Symbol-LLM: Towards Foundational Symbol-centric Interface For Large
Language Models
- URL: http://arxiv.org/abs/2311.09278v2
- Date: Sun, 18 Feb 2024 06:24:12 GMT
- Title: Symbol-LLM: Towards Foundational Symbol-centric Interface For Large
Language Models
- Authors: Fangzhi Xu, Zhiyong Wu, Qiushi Sun, Siyu Ren, Fei Yuan, Shuai Yuan,
Qika Lin, Yu Qiao, Jun Liu
- Abstract summary: Injecting a collection of symbolic data directly into the training of Large Language Models can be problematic.
In this work, we tackle these challenges from both a data and framework perspective and introduce Symbol-LLM series models.
Extensive experiments on both symbol- and NL-centric tasks demonstrate the balanced and superior performances of Symbol-LLM series models.
- Score: 41.91490484827197
- License: http://creativecommons.org/licenses/by/4.0/
- Abstract: Although Large Language Models (LLMs) demonstrate remarkable ability in
processing and generating human-like text, they do have limitations when it
comes to comprehending and expressing world knowledge that extends beyond the
boundaries of natural language(e.g., chemical molecular formula).

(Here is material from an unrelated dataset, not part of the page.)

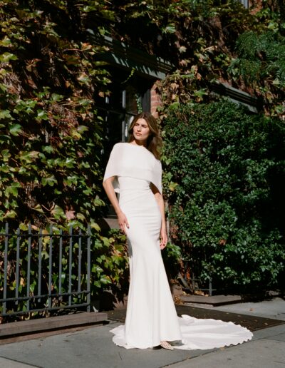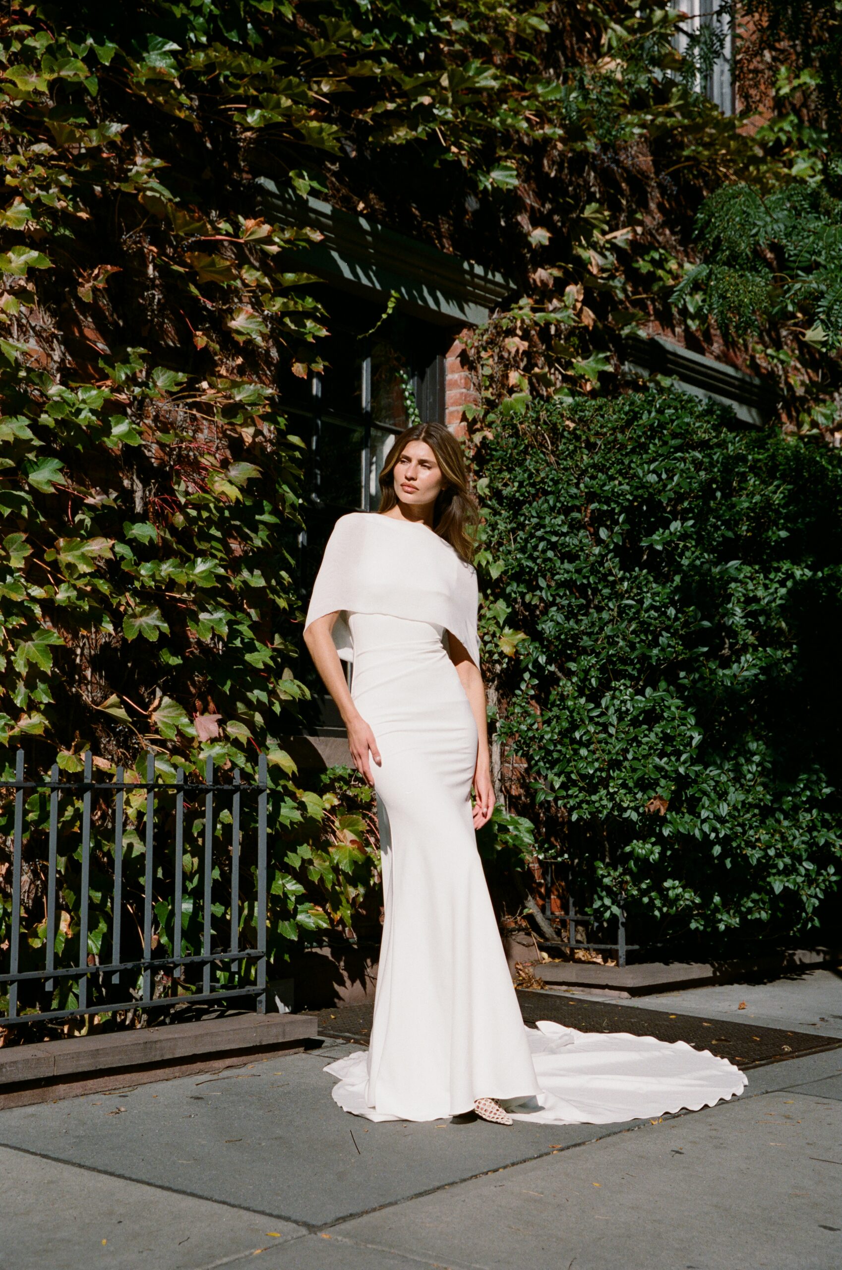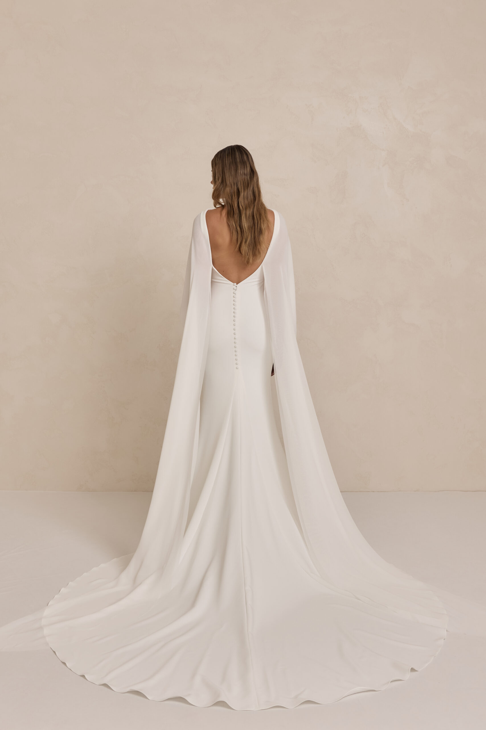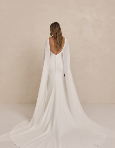 Crafted in sleek crepe, Gates features a sculpted, flowing silhouette. A striking low back adds bold, sensual elegance. The soft chiffon scarf can be worn as a wrap or draped over the shoulders for a romantic touch.

Injecting a
collection of symbolic data directly into the training of LLMs can be
problematic, as it disregards the synergies among different symbolic families
and overlooks the need for a balanced mixture of natural and symbolic data. In
this work, we tackle these challenges from both a data and framework
perspective and introduce Symbol-LLM series models. First, we curated a data
collection consisting of 34 tasks and incorporating approximately 20 distinct
symbolic families, intending to capture the interrelations and foster synergies
between symbols. Then, a two-stage tuning framework succeeds in injecting
symbolic knowledge without loss of the generality ability. Extensive
experiments on both symbol- and NL-centric tasks demonstrate the balanced and
superior performances of Symbol-LLM series models. The project page is
https://xufangzhi.github.io/symbol-llm-page/.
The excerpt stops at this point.